Update on the Epidemiology of Age-Related Macular Degeneration

This study is a meta-analysis reports on current estimates of the prevalence of age-related macular degeneration (AMD) based on a review of recent meta-analyses and literature research. Within an age of 45-85 years, global prevalences of any AMD, early AMD, and late AMD were 8.7%, 8.0% and 0.4% . Early AMD was more common in individuals of European ancestry than in Asians, whereas prevalence of late AMD did not differ significantly.
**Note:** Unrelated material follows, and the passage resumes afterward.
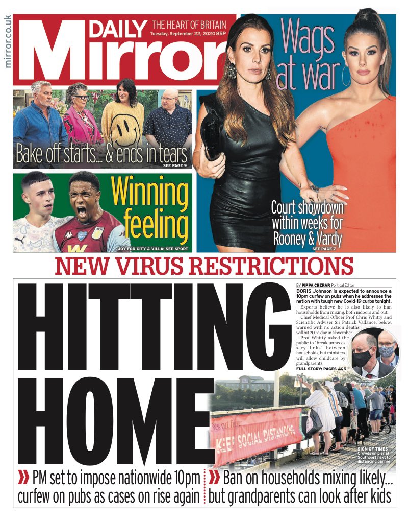 Along with announcing new coronavirus restrictions including a 10pm curfew on pubs, experts believe Boris Johnson will likely ban households from mixing, both indoors and out, the Daily Mirror writes.

AMD of any type was less common in individuals of African ancestry. The number of individuals with AMD was estimated to be 196 million (95% CrI, 140 – 261) in 2020. The worldwide number of persons blind or with moderate to severe vision impairment due to macular disease in 2010 was 2.1 million and 6.0 million respectively. (95% UI, 5.2 – 8.1) persons out of 191 million people with MSVI. Agestandardized prevalence of macular diseases as cause of blindness in adults aged 50+ years worldwide decreased from 0.2% in 1990 to 0.1% in 2010; as cause for visual impairement, it remained mostly unchanged at 0.4% in 1990 to 0.4% in 2010. These data show the globally increasing importance of AMD.

Read More:
Jonas JB, Cheung CMG, Panda-Jonas S. Updates on the Epidemiology of Age- Related Macular Degeneration. Asia Pac J Ophthalmol (Phila). 2017 Sep 14.

Portable non-mydriatic versus standard fundus cameras?

In the recent few years a number of portable non mydriatic fundus cameras have hit the market. They carry an advantage of size and are projected as ideal tools for screening camps. Are they as good as the standard fundus cameras? This study evaluated the sensitivity and specificity of a portable non-mydriatic fundus camera to diagnose visionthreatening diabetic retinopathy (VTDR). A prospective, single-site, comparative instrument validation study was undertaken at the Aravind Eye Care System where 155 subjects with and without diabetes were examined with
(1) non-mydriatic Smartscope,
(2) mydriatic Smartscope, and
(3) mydriatic table-top camera of the
macular, nasal, and superotemporal fields. A retina specialist performed a dilated fundus examination and was the reference standard. Two masked retina specialists graded the images. Sensitivity and specificity to detect VTDR with the undilated Smartscope was calculated compared to dilated clinical fundus exam. The study found that remote graders had high sensitivity and specificity in diagnosing VTDR with undilated Smartscope images, suggesting utility
where portability is a necessity. It was comparable to that of a table top standard fundus camera.

Read More:
Sengupta S, Sindal MD, Besirli CG, Upadhyaya S, Venkatesh R, Niziol LM, Robin AL, Woodward MA, Newman Casey PA. Screening for visionthreatening diabetic retinopathy in South India: comparing portable non-mydriatic and standard fundus cameras and clinical exam. Eye (Lond). 2017 Sep 15.